Germany also harbored great resentment toward Poland for territories lost after World War I. When Poland was brutally invaded by Germany on Sept. 1, 1939, the rationale given by the Nazis was that they needed to make lebensraum, living space, for its citizens.
Before the invasion, by 1938, Poland had stopped accepting Germany's Jewish citizens. Poland was hit by massive unemployment during the worldwide depression, and as was the pattern in history for such times, Jews became the world's scapegoats and anti-Semitism increased.
This was not only true for Germany and Poland but many other countries as well.
In the late 1930's the Polish government had become increasingly concerned with "the Jewish question." The right wing Endecja party had promoted a national boycott of Jewish merchants that was so radical as to advocate the confiscation of Jewish businesses. A policy of Jewish emigration was recommended. Under the guise of animal rights there was a national movement to forbid the Jewish ritual slaughter or koshering of animals. The Grynszpans were caught in the middle of the Polish-German dispute regarding the emigration of Jews. They wrote to their son Herschel and he heard their despair and in deranged anger sought revenge by assassinating a minor German embassy official in Paris. The Nazis seized the opportunity created by the crime of this Jewish individual and used it as an excuse to punish all the Jews of Germany. A telegram was sent to all police units: "in shortest order, actions against Jews and especially their synagogues will take place in Germany. These are not to be interfered with." Instead the police were instructed to arrest the victims. Fire companies were ordered to stand back and let the synagogues burn down. They were to act only if the fire threatened a nearby Aryan property.
"Within forty-eight hours, over one thousand synagogues were burned, along with their Torah scrolls, Bible, and prayer books. Seven thousand Jewish businesses were trashed and looted, ninety-six Jews were killed, and Jewish cemeteries, hospitals, schools and homes were destroyed. The attackers were often neighbors. Thirty thousand Jews were arrested. To accommodate so many new prisoners, the concentration camps of Dachau, Buchenwald, and Sachenhausen were expanded."
The cost of the broken glass alone came to the equivalent of well over two million dollars.
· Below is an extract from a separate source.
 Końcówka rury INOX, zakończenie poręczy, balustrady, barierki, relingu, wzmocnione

Jews of German nationality were forbidden to sue for damages. The Nazis seized any compensation claims paid to Jews by insurance companies. Jews were responsible for clearing away rubble of the destroyed synagogues and properties. A four hundred million dollar fine was imposed collectively against the Jewish community. After imposing the huge fine Herman Goring remarked: "The swine won't commit another murder. IncidentallyI would not like to be a Jew in Germany."
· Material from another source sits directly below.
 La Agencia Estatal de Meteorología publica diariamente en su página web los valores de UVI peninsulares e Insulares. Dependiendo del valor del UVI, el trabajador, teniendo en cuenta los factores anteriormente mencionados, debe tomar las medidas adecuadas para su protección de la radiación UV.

Two weeks after Kristallnacht Jews were barred from schools. Two weeks later local officials were given the right to impose a curfew, and by December Jews were denied access to most public places. All remaining Jewish businesses were Aryanized. For the remaining Jews in Germany the realization set in that life there would not be possible. The end of German Jewry had evolved slowly. By 1933 they were removed from all civil service. In 1935 they were stripped of their citizenship, and then subjected, through the Nuremburg Race Laws, to persecution based on their so-called racial identity. Many tried to leave, but few were able. Chaim Weizman had noted in 1936: "The world seemed to be divided into two parts, those places where Jews could not live and those where they could not enter." In the summer of 1938 a meeting was called by President Roosevelt to deal with the Jewish refugee crisis. Thirty-two nations sent delegates to Evian, on Lake Geneva. The Nazis gloated at the lack of meaningful assistance that was the outcome. It became "clear that the policy of forced emigration would not work: no one wanted the Jews."
Submitted by Linda Dunn, Chairperson, Interfaith Holocaust Commemoration Committee. Much of the material for this article was taken from: "The World Must Know" by Michael Berenbaum.